## TASK TO CARRY OUT
Copy the data that follows exactly. Include no pictures.

## Records from a data source

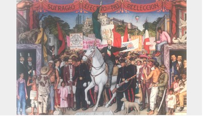En Retablo de la Revolución (1968), Juan O’Gorman recuperó el lema “Sufragio efectivo, No reelección”, catalizador de todas las fuerzas revolucionarias.
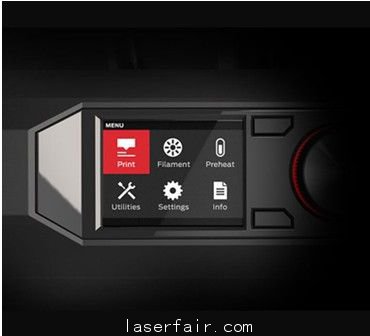 Makerbot Replicator 桌面級(jí)3D打印機(jī)采用全新的打印平臺(tái)、智能?chē)婎^、運(yùn)動(dòng)控制器和光杠設(shè)計(jì);內(nèi)置攝像頭和診斷裝置,輔助調(diào)平打印托盤(pán),比上一代打印機(jī),體積增加了11%,速度增加了11%;此外,擁有3.5英寸全彩液晶顯示器,內(nèi)置用戶界面,直觀的轉(zhuǎn)盤(pán),并且還能夠訪問(wèn)模型庫(kù),直接預(yù)覽3D模型文件。
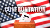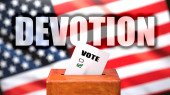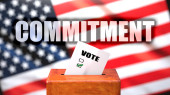Obowiązek i głosowanie w USA, przedstawiony jako urna do głosowania z flagą amerykańską w tle oraz wyrażenie Obowiązek symbolizowania, że obowiązek jest związany z wyborami, ilustracja 3D
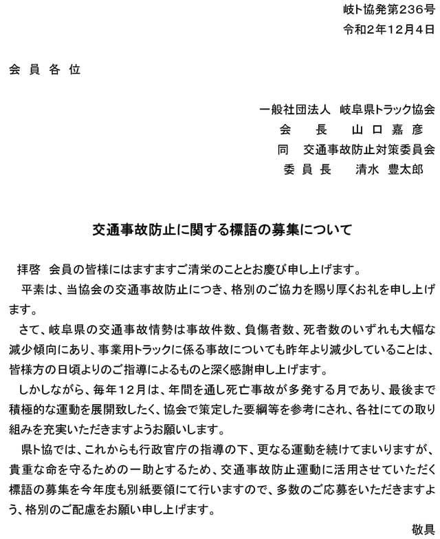 交通事故防止に関する標語の募集について【会員】
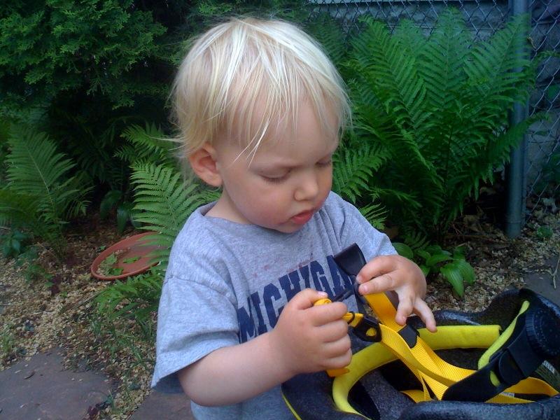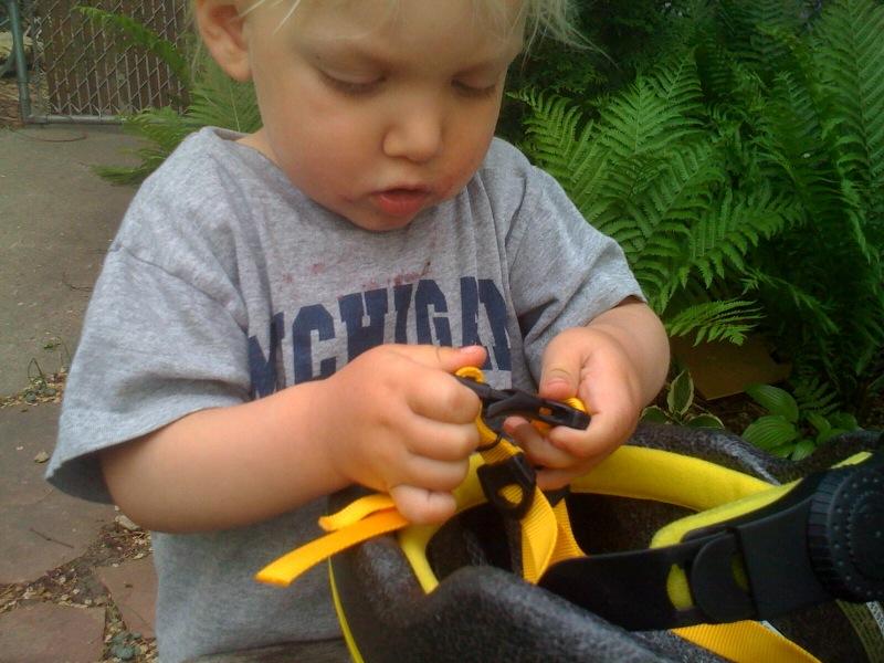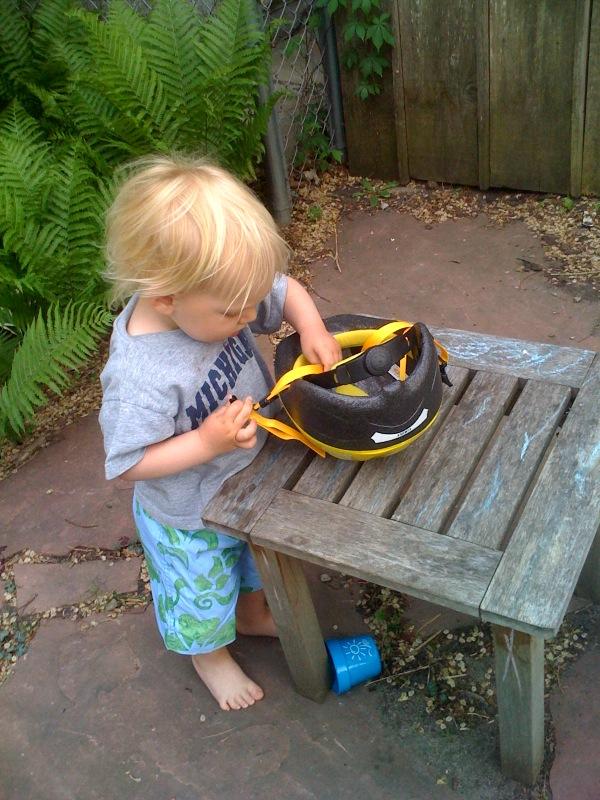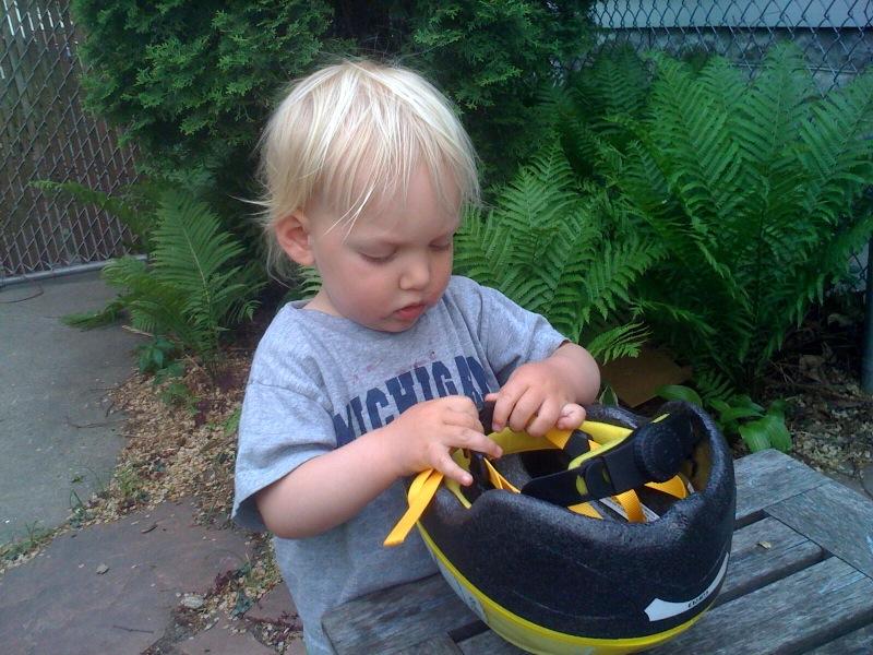 Helmet on before biking

## ANSWER TO THIS EXERCISE
En Retablo de la Revolución (1968), Juan O’Gorman recuperó el lema “Sufragio efectivo, No reelección”, catalizador de todas las fuerzas revolucionarias.
 Makerbot Replicator 桌面級(jí)3D打印機(jī)采用全新的打印平臺(tái)、智能?chē)婎^、運(yùn)動(dòng)控制器和光杠設(shè)計(jì);內(nèi)置攝像頭和診斷裝置,輔助調(diào)平打印托盤(pán),比上一代打印機(jī),體積增加了11%,速度增加了11%;此外,擁有3.5英寸全彩液晶顯示器,內(nèi)置用戶界面,直觀的轉(zhuǎn)盤(pán),并且還能夠訪問(wèn)模型庫(kù),直接預(yù)覽3D模型文件。
Obowiązek i głosowanie w USA, przedstawiony jako urna do głosowania z flagą amerykańską w tle oraz wyrażenie Obowiązek symbolizowania, że obowiązek jest związany z wyborami, ilustracja 3D
 交通事故防止に関する標語の募集について【会員】
 Helmet on before biking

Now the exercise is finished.